(a) Field of the Invention
The present invention relates to a semiconductor device, and more particularly it pertains to an insulated-gate static induction transistor, and also to a semiconductor integrated circuit including the same.
(b) Description of the Prior Art
Conventional ordinary field effect transistors of both junction and insulated gate types show saturated drain current vs. drain voltage characteristics, i.e. the drain current becomes saturated with an increase in the drain voltage.
A new type of the field effect transistor, i.e. the static induction transistor, was proposed by one of the present inventors, e.g. in U.S. Pat. application Ser. Nos. 817,052 and 576,541 and in IEEE Trans. on Electron Devices, ED-22, pp.185-197 April 1975.
The static induction transistor (referred to as SIT hereinbelow) has a distinguishing feature that the drain current keeps growing with an increase in the drain voltage at least in a portion of the main operative state regardless of the gate bias voltage. The static induction transistor has the following advantages over the ordinary field effect transistors (referred to as FET, hereinbelow).
(1) At least in a portion of the main operative state, the region between the source and the drain is not punched through, i.e. there remains a neutral region between the source and the gate which is not depleted, and the product of the series resistance r.sub.s and the true transconductance G.sub.m is less than one to exhibit an unsaturating drain current vs. drain voltage characteristic in a low drain current region.

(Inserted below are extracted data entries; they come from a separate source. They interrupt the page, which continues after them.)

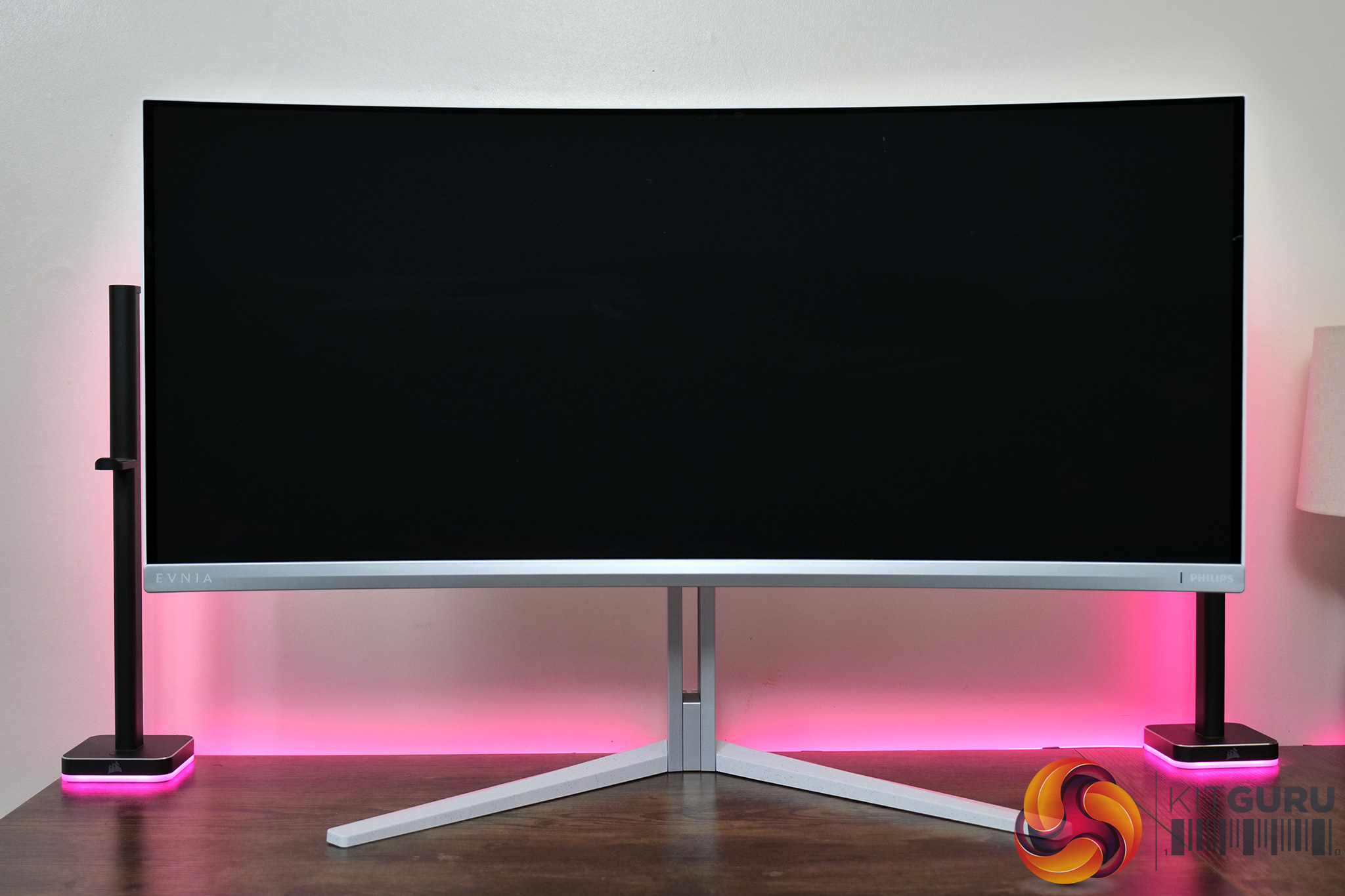 If you've seen any other Evnia products before, you will know that the company does things a little differently. Instead of an all-black aesthetic, the 34M2C8600 is rather eye-catching with its white and silver design. The base of the stand and the rear of the display are matte white, while the front bezel and stand are silver. The v-shaped foot even features some coloured speckles giving this quite a unique appearance.
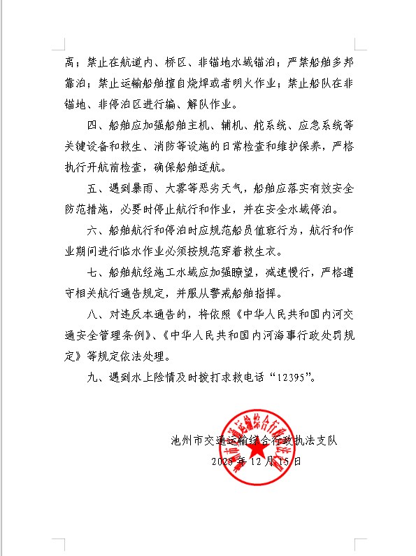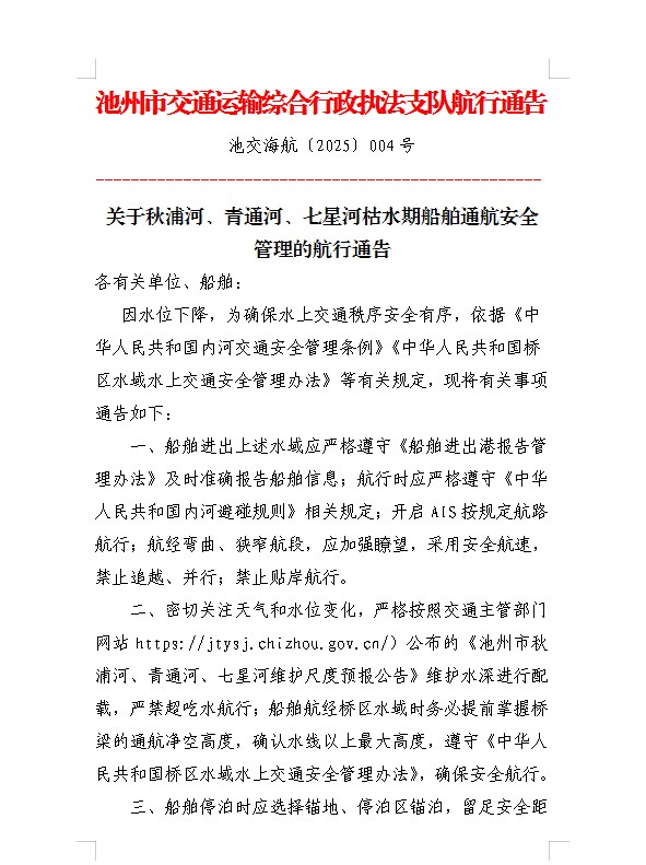 关于秋浦河、青通河、七星河枯水期船舶通航安全管理的航行通告
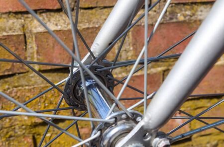 Bicycle wheel against a dirty wall in the garage (Pesaro, Italy, Europe)
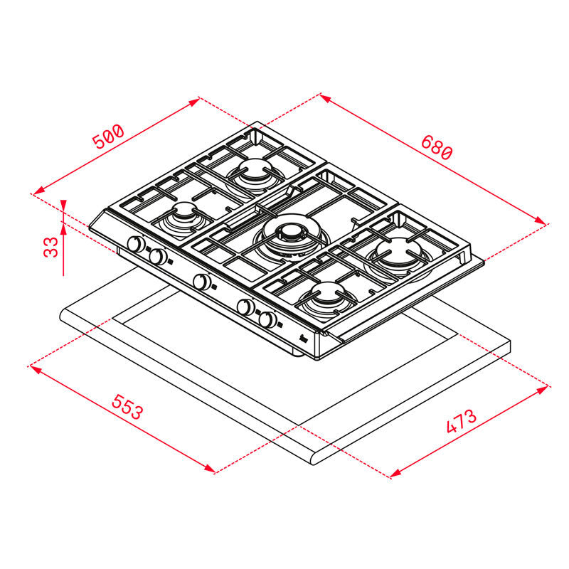 Placa gas Teka EX70.1 5G AI AL DR CI 58 cm

(2) The unsaturating drain current vs. drain voltage characteristic provides a high input impedance, a low output impedance, a large apparent transconductance g.sub.m and less distortion in the signal transfer.
(3) A large output current can be supplied. Also, a high breakdown voltage can be provided by using a high resistivity layer in a predetermined portion. Thus, a high power element with a large output current and a high breakdown voltage can be provided.
(4) The gate region may have a high impurity concentration, and the dimension of the gate structure can be minimized. Thus, both the parasitic capacitance and the resistance of the gate can be reduced to improve high-frequency and high-speed performance.
(5) The amplification factor can be maintained substantially constant in a very wide gate voltage region and in a very wide drain voltage region from a low drain current region in which the drain current vs. drain voltage characteristic fundamentally follows an exponential formula to a high drain current region in which the drain current vs. drain voltage characteristic becomes substantially linear due to an increase in the voltage drop across the series resistance r.sub.s. This unsaturating drain current region may extend over more than ten orders of magnitude. Thereby, operation with very low distortion is feasible.
(6) The amplification factor can be maintained substantially constant down to a very small drain current region. Thereby, an excellent switching operation can be achieved in a low current and low power consumption state.
(7) Temperature dependency of the drain current may be rendered negative at large drain currents. Thereby, thermal runaway can be prevented. Also, active structures which have almost no temperature dependency can be designed.
(8) The amplification factor can be maintained substantially constant through a very wide temperature range, e.g. over two hundred degrees centigrade.
(9) High speed switching operation can be performed by narrowing the channel width and decreasing the impurity concentration in the channel so that almost no current is allowed to flow at zero gate bias and that a current is allowed to flow when a forward bias voltage is applied to the gate.
(10) High-speed operation can be enhanced by shortening the source-drain distance so that the transit time of carriers therebetween is reduced.
The high input impedance feature allows direct coupling of the succeeding amplifier stages and the non-requirement for the driving power enhances the integration density in an integrated circuit (IC). Furthermore, the large transconductance together with the unsaturating drain current vs. drain voltage characteristic allows a large fan-out, which is extremely fitted for IC and LSI.
As can be seen from the above, the SIT has excellent features in high power, high voltage, large current low distortion, low noise, low power dissipation and/or high speed operation. Together with its temperature dependence, the SIT has many advantages over the conventional bipolar and field effect transistors. Superiority of the SIT as a discrete active element and as an element in IC has been proved and its utility is being developed in various fields.
However, the developments of the SIT made heretofore are mainly concentrated to junction SITs and depletion mode MOS SITs.
In the conventional insulated-gate (hereinafter referred to as IG) FET of enhancement mode, the length and the width of the channel which is formed with an inversion layer are long and narrow, respectively, so that the drain current is saturated for drain voltages above a certain drain voltage. Furthermore, the potential profile in the channel from the source to the drain is monotonic and has no maximum.